By CityTownInfo.com Staff
May 18, 2009
Web sites such as Cramster.com are assisting college students with homework, but some educators worry that utilizing the sites encourages cheating.
The New York Times reports that the Internet has revolutionized the way undergraduates study. On CourseHero.com, for example, students can type in a college name and course number to access exams and research papers from previous semesters. Similarly, Cramster provides step-by-step solutions to math and science textbook problems.
Some college officials are voicing concerns about the trend. Teddi Fishman, director of the Center for Academic Integrity--part of the Rutland Institute for Ethics at Clemson University--noted that with regards to CourseHero, "There are professors who don't change their questions from semester to semester, and one of the things that this raises is how problematic that is." Fishman also pointed out that such Web sites don't allow students to struggle and practice independently, which prevents them from learning effectively.
But David J. Kim, president and chief executive officer of CourseHero, noted that the company essentially aims to create online study groups. "A student may know one or two people in their class," he said, "but we wanted to provide an online community where you could connect with students from different colleges studying the same subject."
Kim remarked that the site, which offers three million student-submitted items from 400,000 courses at more than 3,500 schools, has hundreds of thousands of registered users.
In addition to providing answers to problems from textbooks, Cramster allows users to submit questions to any of the site's 3,000 experts, who are rated for quality like sellers on eBay and Amazon.

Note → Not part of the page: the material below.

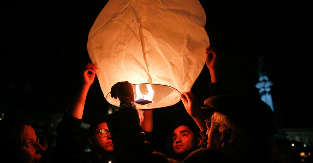 Decenas de globos de papel se elevaron en el cielo de Quito durante una vigilia en homenaje al equipo de periodistas del diario El Comercio, secuestrado y posteriormente asesinado en una zona cercana a la frontera de Ecuador y Colombia.

But Aaron Hawkey, the site's chief executive officer, admitted that students could easily abuse the system.
"Let's say I have a take-home test," he said. "We had one incident where someone posted a question on our site that was the same one on an exam."
Nevertheless, students at the State University of New York at Buffalo are increasingly turning to Cramster for study help, reports The Spectrum, the institution's student-run publication. "I'm in engineering, so it's a lot of technical and math questions," said Eric Jongsma, a sophomore. "The way I learn best is by doing a lot of problems. I can do a problem on Cramster and look up the answer. I use it more as a study tool."
Jongsma, who was also interviewed by The Times, noted that ultimately students cannot rely on the Web site to help them pass courses-a fact he learned after repeatedly copying problem solutions from Cramster for homework without fully understanding the methods. "When it came to the test, I tried to learn multiple chapters at the last minute," he said. "I failed the test."
Arnd Pralle, assistant professor of physics at UB, remarked that online study sites will probably lead to changes in how homework is assigned. "Rather than using the textbook," he told The Spectrum, "we may have to end up making all our homework ourselves or make our tests worth more points."